** Work required **
Set down, exactly and only, everything from the line containing "图1 近五年全市就业人员产业构成情况" down to the line containing "2019年9月19日,為切實" in the data below; the pictures are not part of the copy.

** Exercise data **
◆ ◆ ◆ ◆ ◆ ◆ ◆

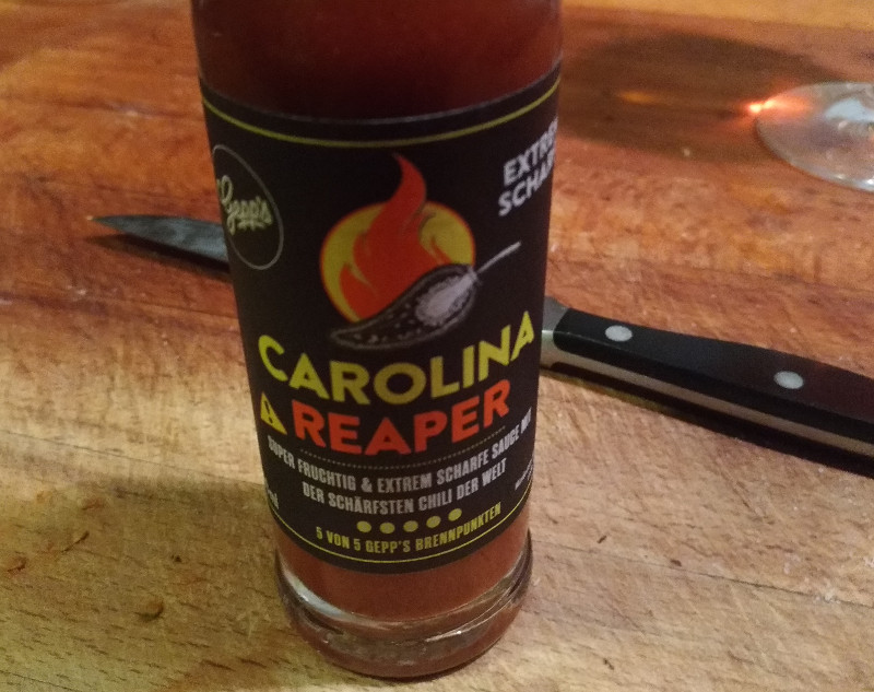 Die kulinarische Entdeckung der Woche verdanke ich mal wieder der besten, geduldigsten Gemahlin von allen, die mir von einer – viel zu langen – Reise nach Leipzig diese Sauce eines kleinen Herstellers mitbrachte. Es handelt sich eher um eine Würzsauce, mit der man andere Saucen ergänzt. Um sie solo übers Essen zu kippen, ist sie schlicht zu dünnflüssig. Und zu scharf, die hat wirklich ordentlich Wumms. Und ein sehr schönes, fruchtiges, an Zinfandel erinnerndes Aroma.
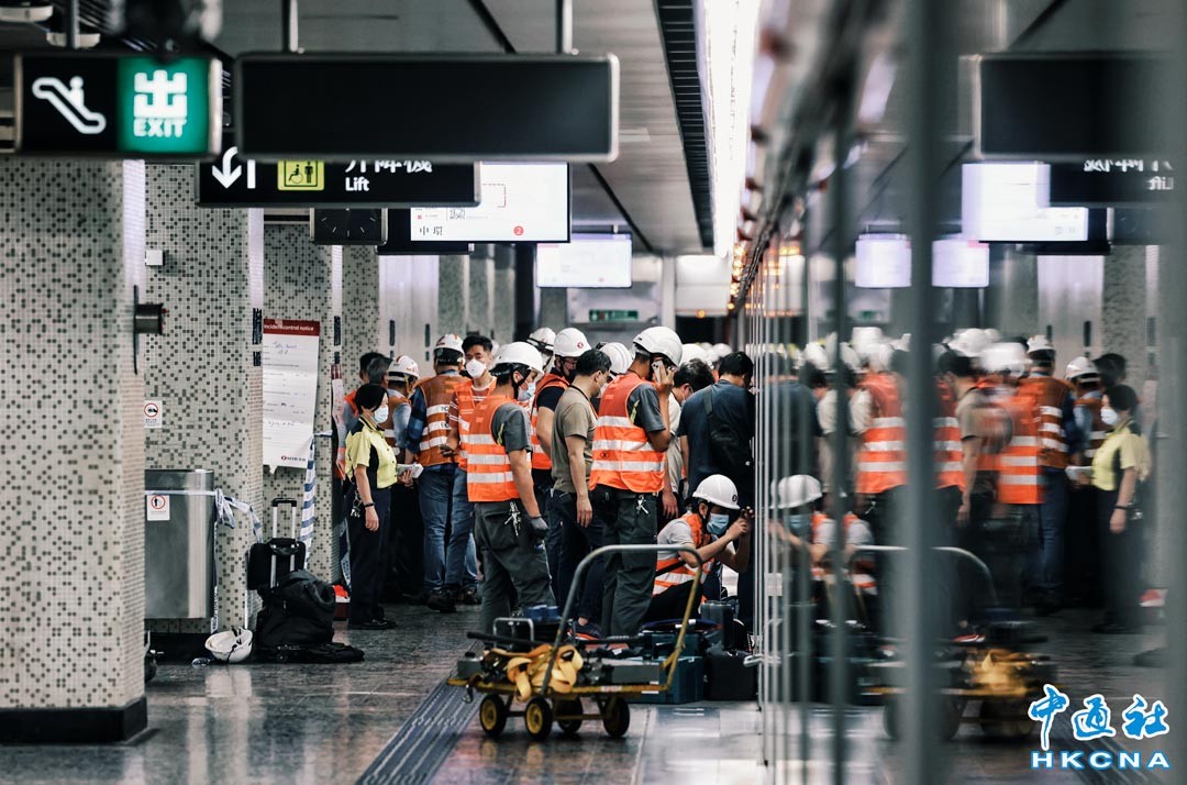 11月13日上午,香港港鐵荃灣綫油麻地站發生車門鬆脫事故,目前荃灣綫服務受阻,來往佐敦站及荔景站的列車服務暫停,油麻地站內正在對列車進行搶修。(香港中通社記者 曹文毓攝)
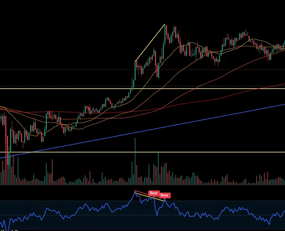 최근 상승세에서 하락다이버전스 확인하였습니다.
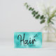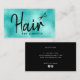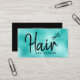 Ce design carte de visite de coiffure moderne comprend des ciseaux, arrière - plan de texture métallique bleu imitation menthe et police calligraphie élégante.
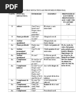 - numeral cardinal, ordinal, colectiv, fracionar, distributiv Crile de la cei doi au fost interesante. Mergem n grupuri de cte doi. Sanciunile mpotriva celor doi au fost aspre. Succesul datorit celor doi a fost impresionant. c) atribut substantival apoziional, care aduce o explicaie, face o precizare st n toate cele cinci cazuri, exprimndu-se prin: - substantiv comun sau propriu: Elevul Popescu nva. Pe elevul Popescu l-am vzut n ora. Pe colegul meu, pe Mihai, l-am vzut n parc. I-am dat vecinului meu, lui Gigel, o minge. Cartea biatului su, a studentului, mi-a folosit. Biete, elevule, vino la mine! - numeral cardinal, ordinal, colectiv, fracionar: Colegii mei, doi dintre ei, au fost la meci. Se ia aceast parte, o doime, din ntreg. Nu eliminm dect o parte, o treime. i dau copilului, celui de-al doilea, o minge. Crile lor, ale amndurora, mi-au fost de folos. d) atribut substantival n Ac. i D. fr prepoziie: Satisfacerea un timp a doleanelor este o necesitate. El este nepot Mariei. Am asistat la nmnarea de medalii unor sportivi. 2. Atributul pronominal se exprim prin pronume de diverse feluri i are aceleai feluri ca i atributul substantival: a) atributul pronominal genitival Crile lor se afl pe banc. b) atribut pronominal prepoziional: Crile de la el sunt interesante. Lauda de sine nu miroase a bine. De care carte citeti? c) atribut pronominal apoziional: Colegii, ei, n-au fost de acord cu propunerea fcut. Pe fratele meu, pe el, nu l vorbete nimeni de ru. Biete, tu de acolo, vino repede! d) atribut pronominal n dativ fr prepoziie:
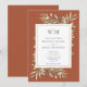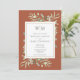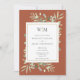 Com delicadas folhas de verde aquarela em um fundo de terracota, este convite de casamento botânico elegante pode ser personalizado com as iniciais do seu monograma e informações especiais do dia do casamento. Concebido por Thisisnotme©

◆ ◆ ◆ ◆ ◆ ◆ ◆

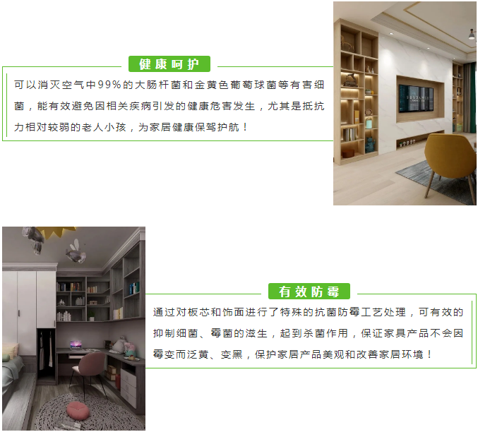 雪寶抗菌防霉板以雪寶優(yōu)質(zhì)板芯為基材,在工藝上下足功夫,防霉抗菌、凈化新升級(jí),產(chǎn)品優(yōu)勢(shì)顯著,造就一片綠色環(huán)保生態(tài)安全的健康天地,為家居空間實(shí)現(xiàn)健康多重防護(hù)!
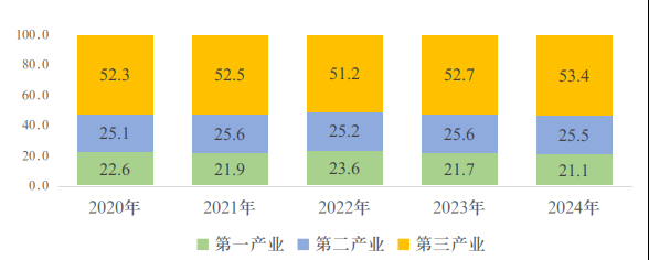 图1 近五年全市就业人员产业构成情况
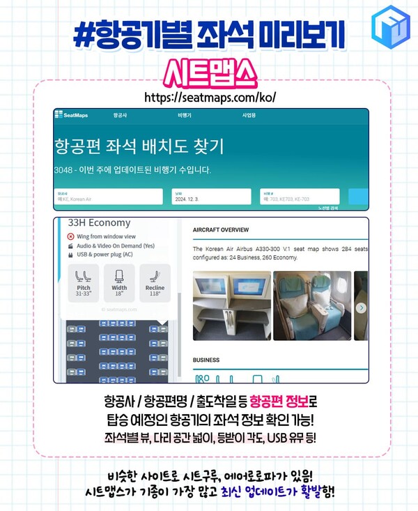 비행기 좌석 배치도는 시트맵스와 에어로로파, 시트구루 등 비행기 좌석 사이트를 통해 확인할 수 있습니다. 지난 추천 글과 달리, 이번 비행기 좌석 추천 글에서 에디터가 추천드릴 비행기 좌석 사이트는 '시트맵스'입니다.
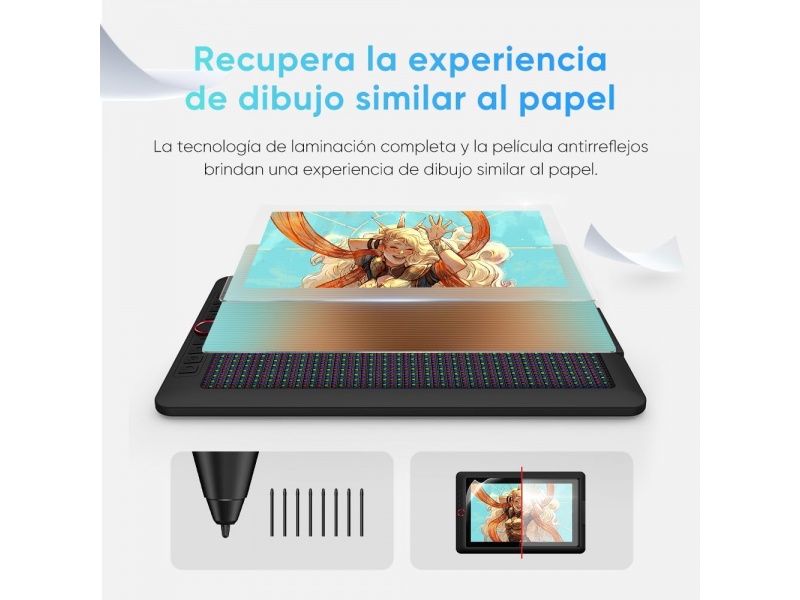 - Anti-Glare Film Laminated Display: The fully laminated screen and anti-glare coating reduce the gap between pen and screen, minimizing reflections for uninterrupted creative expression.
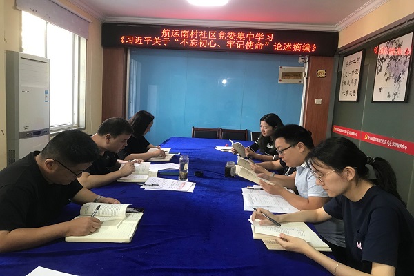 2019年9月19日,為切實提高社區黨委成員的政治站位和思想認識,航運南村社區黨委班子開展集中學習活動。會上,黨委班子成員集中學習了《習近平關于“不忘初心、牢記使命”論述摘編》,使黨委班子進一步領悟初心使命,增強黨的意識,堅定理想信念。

◆ ◆ ◆ ◆ ◆ ◆ ◆

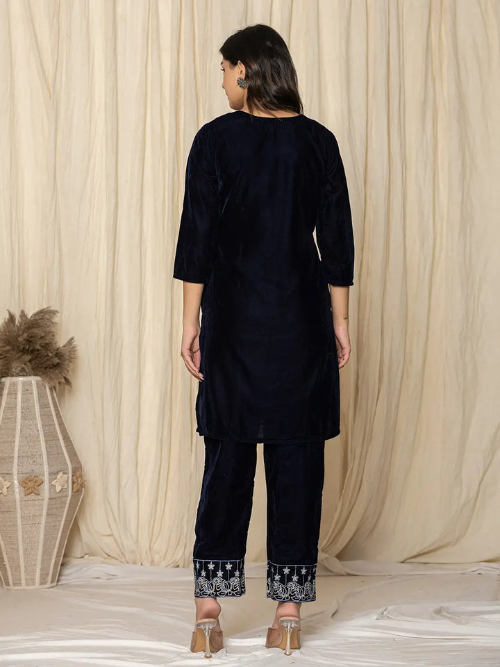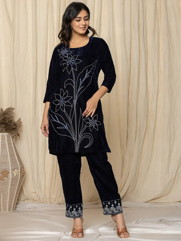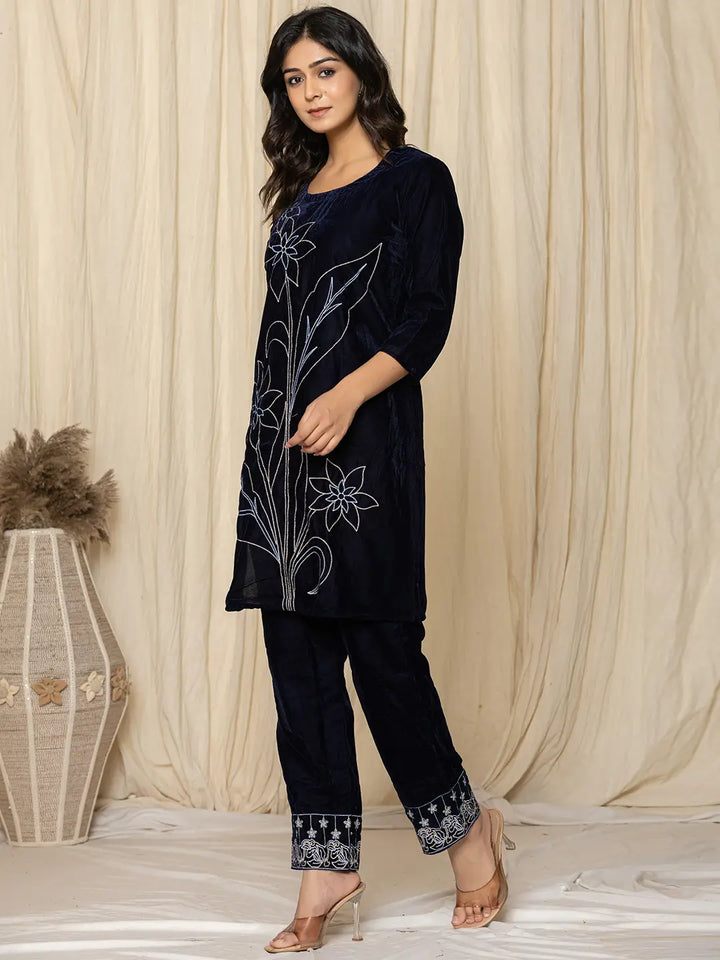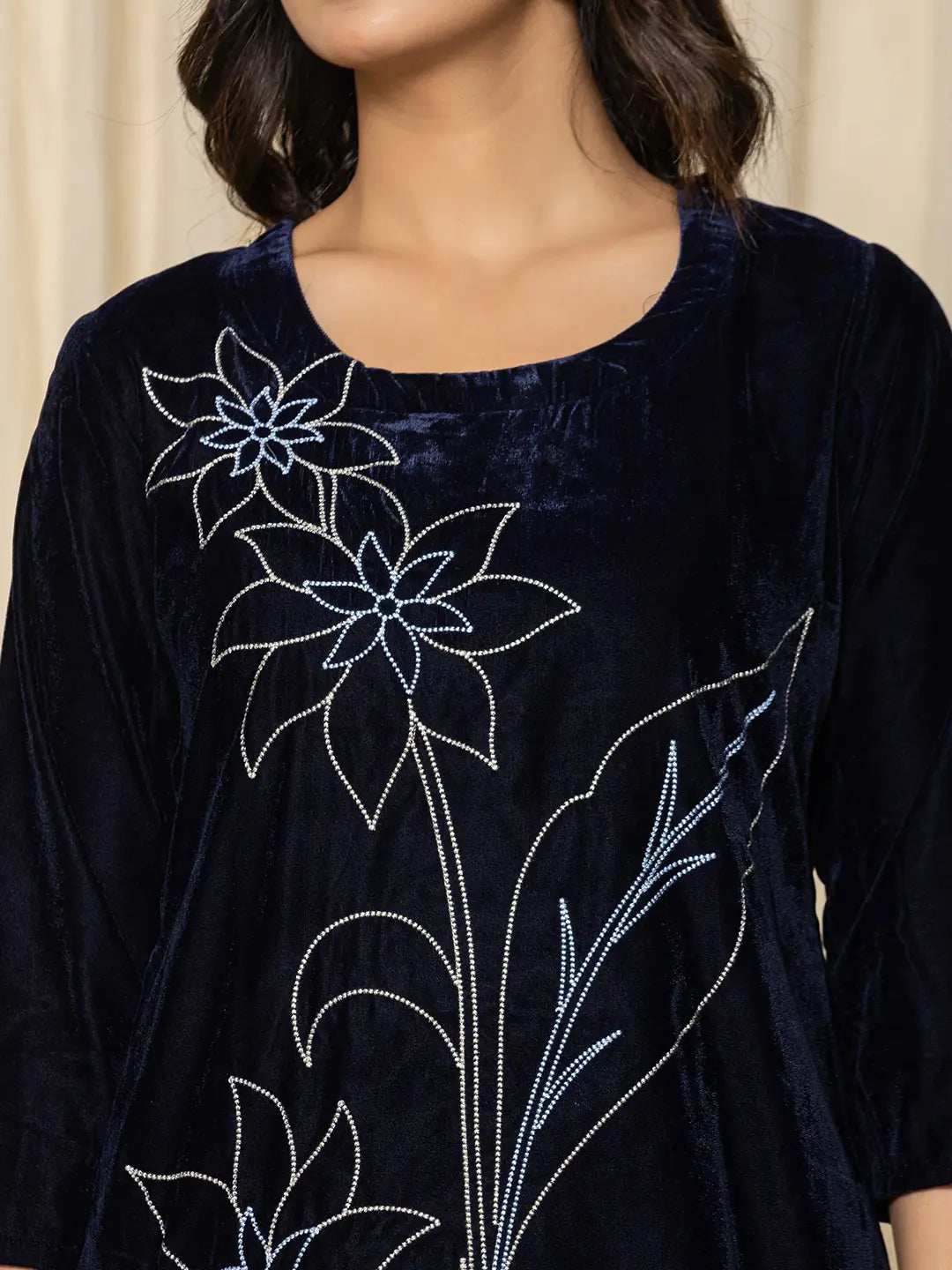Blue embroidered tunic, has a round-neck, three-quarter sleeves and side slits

◆ ◆ ◆ ◆ ◆ ◆ ◆

** Solution for this exercise **
 图1 近五年全市就业人员产业构成情况
 비행기 좌석 배치도는 시트맵스와 에어로로파, 시트구루 등 비행기 좌석 사이트를 통해 확인할 수 있습니다. 지난 추천 글과 달리, 이번 비행기 좌석 추천 글에서 에디터가 추천드릴 비행기 좌석 사이트는 '시트맵스'입니다.
 - Anti-Glare Film Laminated Display: The fully laminated screen and anti-glare coating reduce the gap between pen and screen, minimizing reflections for uninterrupted creative expression.
 2019年9月19日,為切實提高社區黨委成員的政治站位和思想認識,航運南村社區黨委班子開展集中學習活動。會上,黨委班子成員集中學習了《習近平關于“不忘初心、牢記使命”論述摘編》,使黨委班子進一步領悟初心使命,增強黨的意識,堅定理想信念。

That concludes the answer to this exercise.